Digital inclusion: new administration, new definition
Defining what digital inclusion ‘is’ naturally proceeds defining a strategy to promote and deliver it.
The Department has been engaging with a range of stakeholders around a draft four pillar approach to defining digital inclusion, including through networks such as the LGA Digital Inclusion Network.
In their own words: “We have developed a draft definition of digital inclusion following a literature review and in partnership with other departments. Digital inclusion means ‘ensuring that everyone has the access, skills, support and confidence to participate in a modern digital society, whatever their circumstances’. This includes having: Access, Skills, Digital Services and Confidence.
But what do the practitioners on the ground think?
The crucial question in relation to this is, how does this draft definition feel to the local and community practitioners who will ultimately be delivering digital inclusion? Bringing them along on the definition into strategy journey seems, to me, pretty key.
We used our recent Let’s Get Digital event in Durham to explore this.

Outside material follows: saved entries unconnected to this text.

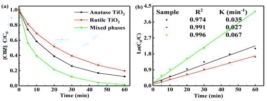 (a) Degradation of CBZ by UV-LED/TiO2 using different crystal forms of nano-TiO2 photocatalyst. (b) The pseudo-first-order kinetic models of CBZ degradation by UV-LED/TiO2 using different crystal forms of nano-TiO2 photocatalyst. C(CBZ)0 = 18.8 µM; operating temperature = 20 °C; wavelength of UV-LED = 365 nm; operating pH = 7.6; and C (mixed-phase TiO2) = 2.0 g/L.
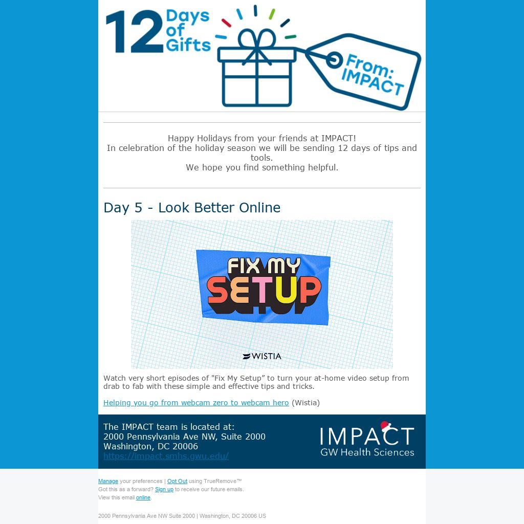 In celebration of the holiday season we will be sending 12 days of tips and tools.
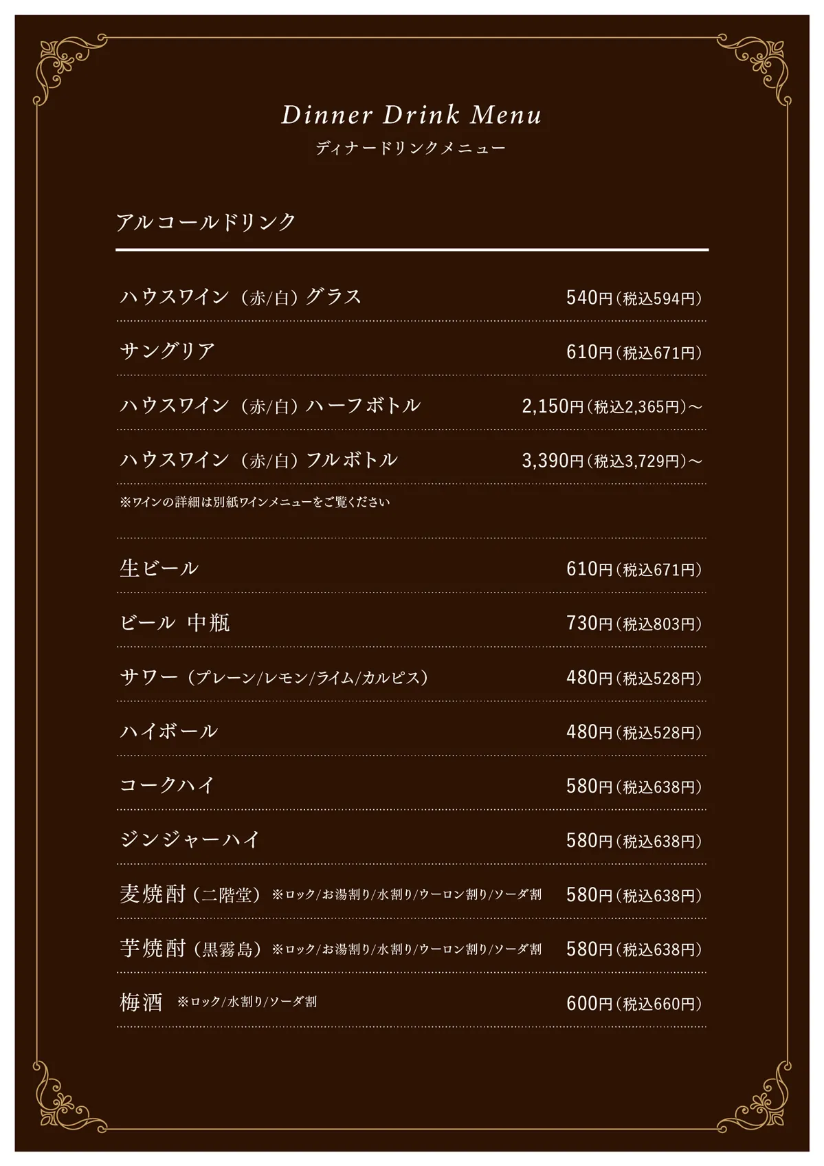 Dinner Drink MENU
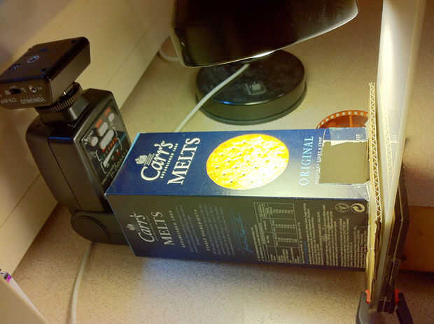 Generalmente Coloque el flash en unos 30cm de la película y hacerla disparar a través de una caja de cartón para que la luz no salpicar todo sobre el cuarto y provocar reflejos no deseados en la película. Me han cortado también un pequeño agujero en la caja de cartón y colocar una lámpara sobre ella para tener algo de luz brillar a través de la negativa y hacer mi vida más fácil al enfocar.
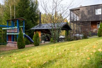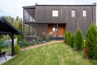 Жилой дом 214 кв.м. построен по каркасной технологии в 2 этажа, имеет продуманную функциональную планировку: 1й этаж кухня-гостиная 38 кв.м, санузел/сауна, гардеробная, подсобное помещение, просторная терраса 30 кв; 2й этаж - 4 спальни, санузел, гардеробная, терраса. Фундамент - ж/б сваи, плоская кровля из пвх мембраны. Коммуникации: электричество 15кВт, питьевая вода из артезианской скважины 206 метров, автономная станция биологической очистки, отопление электрич.котел, теплые полы и радиаторы.
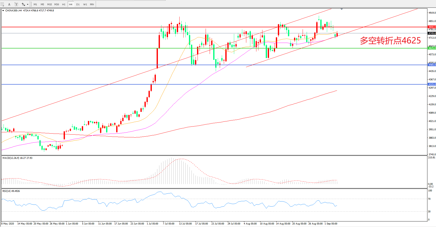 上周五(9月4日),受隔夜美股下跌以及市场空头介入的影响,A 股受到短期冲击,风险偏好持续抑制下,市场整体震荡加剧,沪深300低开后小幅上行,收报4749.8点。从振幅上看,当前指数的波动较前期已有所收窄,在反复消化上方阻力之后,中期向好趋势并未改变。
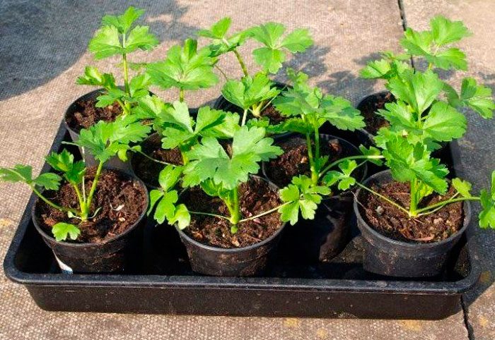 Про те, як посіяти насіння петрушки у відкритий грунт, докладніше описано вище. Але в деяких випадках така рослина вирощують розсадним способом. Перш ніж приступитися до посіву насіння потрібно замочити у воді, де вони повинні пробути 24 год, це дозволить очистити їх від ефірних масел, які сприяють уповільненню проростання. Потім посівний матеріал необхідно помістити в зволожену тканину. Після того як з'являться білі паростки, насіння висівають, попередньо підсушивши їх до сипучості. Пікіровку розсади слід провести після того, як у них почнуть формуватися дві справжні листові пластини, для цього використовують торф'яні горщики. Після того, як з моменту висіву насіння пройде 8 тижнів, розсаду петрушки кореневої необхідно висадити у відкритий грунт. Її висаджують разом з горщиками, і в залежності від сорту між кущами дотримують дистанцію в 7-15 сантиметрів. При висадки сіянців листової петрушки між ними слід дотримуватися дистанцію не менше 20 сантиметрів. Відстань між рядами повинна бути близько 0,5 м. При цьому підготовкою ділянки необхідно зайнятися завчасно.
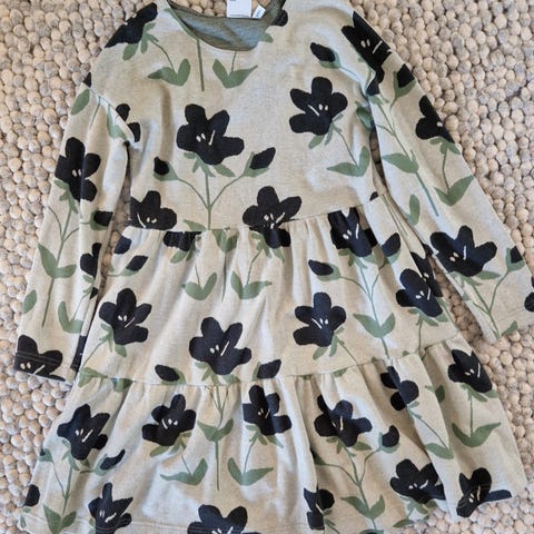 Mainelakeus kankaasta mekko. 128-134 cm. Pesty mutta ei käytetty.
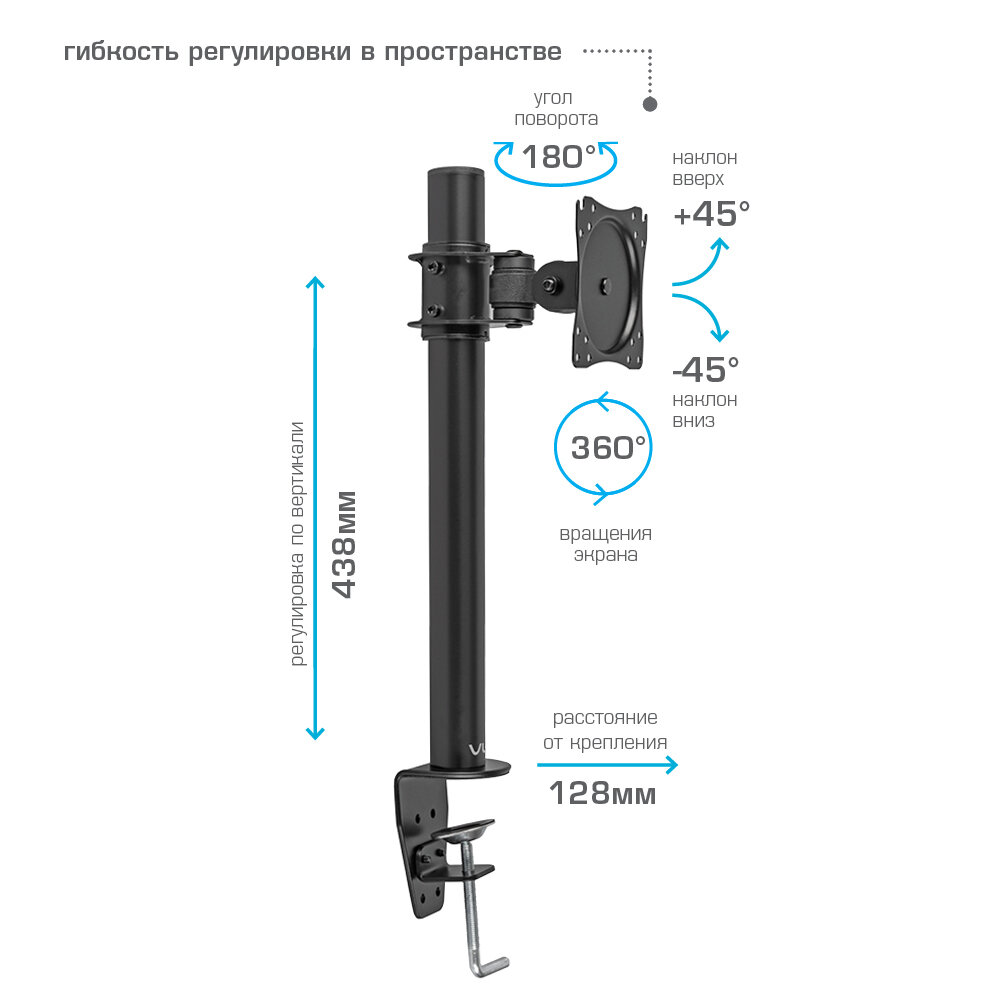 Кронштейн настольный VLK TRENTO-91 черный (51045) интересное:
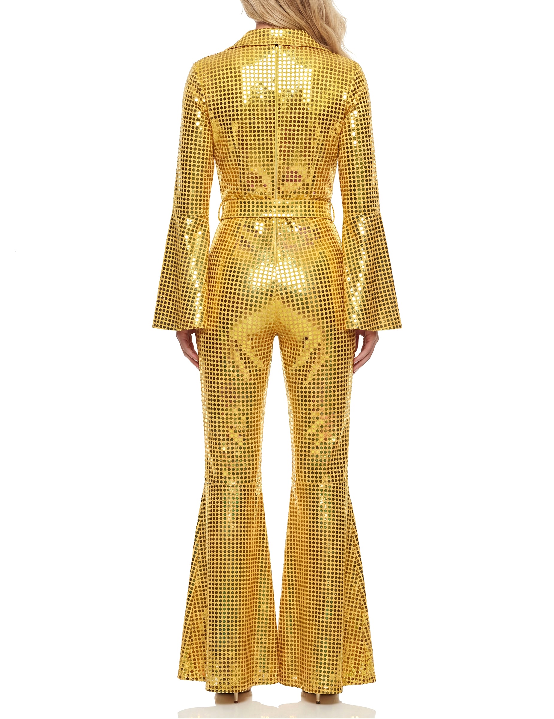 Rumeni disco kombinezon za ženske je primeren za pust, disco zabavo, zabavo na temo 70. let, rojstni dan ali zabavo v kostumih.
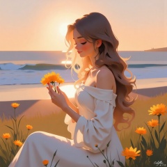 A serene portrait of a lone woman, her long hair flowing down the back, as she sits in a picturesque outdoor setting with the vast ocean stretching out before her. She wears a stunning white dress that drapes elegantly over her upper body, its sleeves extending past her elbows. Her closed eyes and subtle smile convey a sense of peacefulness. In her hand, she gently cradles a bright yellow flower as the warm sunset light casts a golden glow on the scene. The artist's signature watermark appears discreetly in the lower right corner. The sky above is painted with hues of pink and orange, meeting the horizon where the ocean's waves lap at the shore.
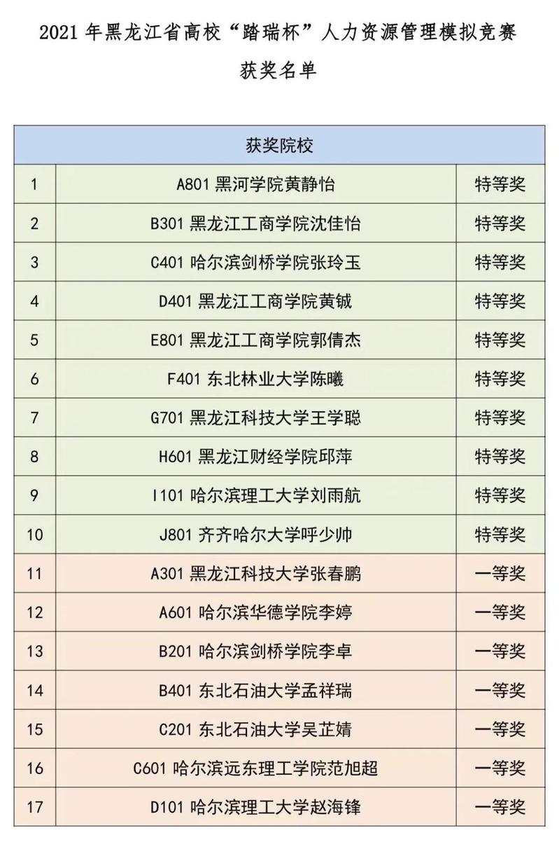 10月23日,由黑龙江省教育厅高等教育处支持,黑龙江省普通高等学校创新创业教育指导委员会主办,齐齐哈尔大学承办,上海踏瑞计算机软件有限公司技术支持的2021年黑龙江省高校“踏瑞杯”人力资源管理模拟竞赛圆满落幕。全省共有30所本科院校,80支队伍、300余名师生参与比赛。我校建筑工程学院指导教师辛笛、宋祺带领的周灵杰队获得本次大赛一等奖,建筑工程学院指导教师王达、宋祺带领的刘佳欢队以及招生就业工作处指导教师王妍、孙韬带领的杨志龙队获得二等奖。

You can read the report on the workshops we ran, which we have also shared with DSIT. Even better, explore the ‘video wall’ of vox pops to hear it all from the [digital inclusion] horse’s mouth.
You can read and watch here.
My main take outs from our workshops in Durham
It was interesting, energising and inspiring to start discussing the possible DSIT pillars with a wide range of practitioners, advocates and enthusiasts from Durham and further afield across the North East. My summary of the main themes that arose under each pillar:
- On access – that access works better when people can support others to achieve it; that access is meaningless without skills and confidence; that affordability viz access matters; that rural areas need special support. That people need choice.
- On skills – that the key to engaging people in digital skills is to engage them in something that is of interest or use or needed – ‘the hook’. That people are the key to engaging people in skills; that trusted community intermediaries have great scope and potential. That there needs to be an outreach element to this work to get to people; that rural communities need attention.
- On digital services – that we need people to support people to use digital services and that there is an opportunity there to build understanding, skills and confidence as we do that. That digital service design needs to take better/ proper account of digital exclusion and that excluded and marginalised users should be part of iteration and testing. Safety is important.
- On confidence – that personal social networks ‘the individual’s support system’ can support the building of confidence; as can local/ community champions; that digital confidence could be part of every day conversations for service providers. That trust and safety are important.
The critical importance of people – in supporting people with digital inclusion
It’s very clear that the one pervading theme cropping up across each of these pillars is the role, capacity and potential of the human advocate or helper (AKA digital champion).
It is also very clear that ‘talking digital inclusion’ as a matter of course, in any number and range of every day conversations, increases the chances of identifying and reaching the digitally excluded.
The good news? Those people and those networks already exist in the VCSE sector, in local authorities and local health services. They ‘just’ need supporting, extending and sustaining.
That potential also already exists in the private sector, both through service providers (banks, retailers, utilities etc) and businesses who can deliver digital inclusion through social value commitments. Like Capgemini whose partnership with Digital Unite in the Let's Get Digital projects is precisely the enactment of their social value commitments.
Although we’ve got a digital inclusion need, we’ve also already got the capacity to meet it: people.
Digital inclusion: nothing about us without us.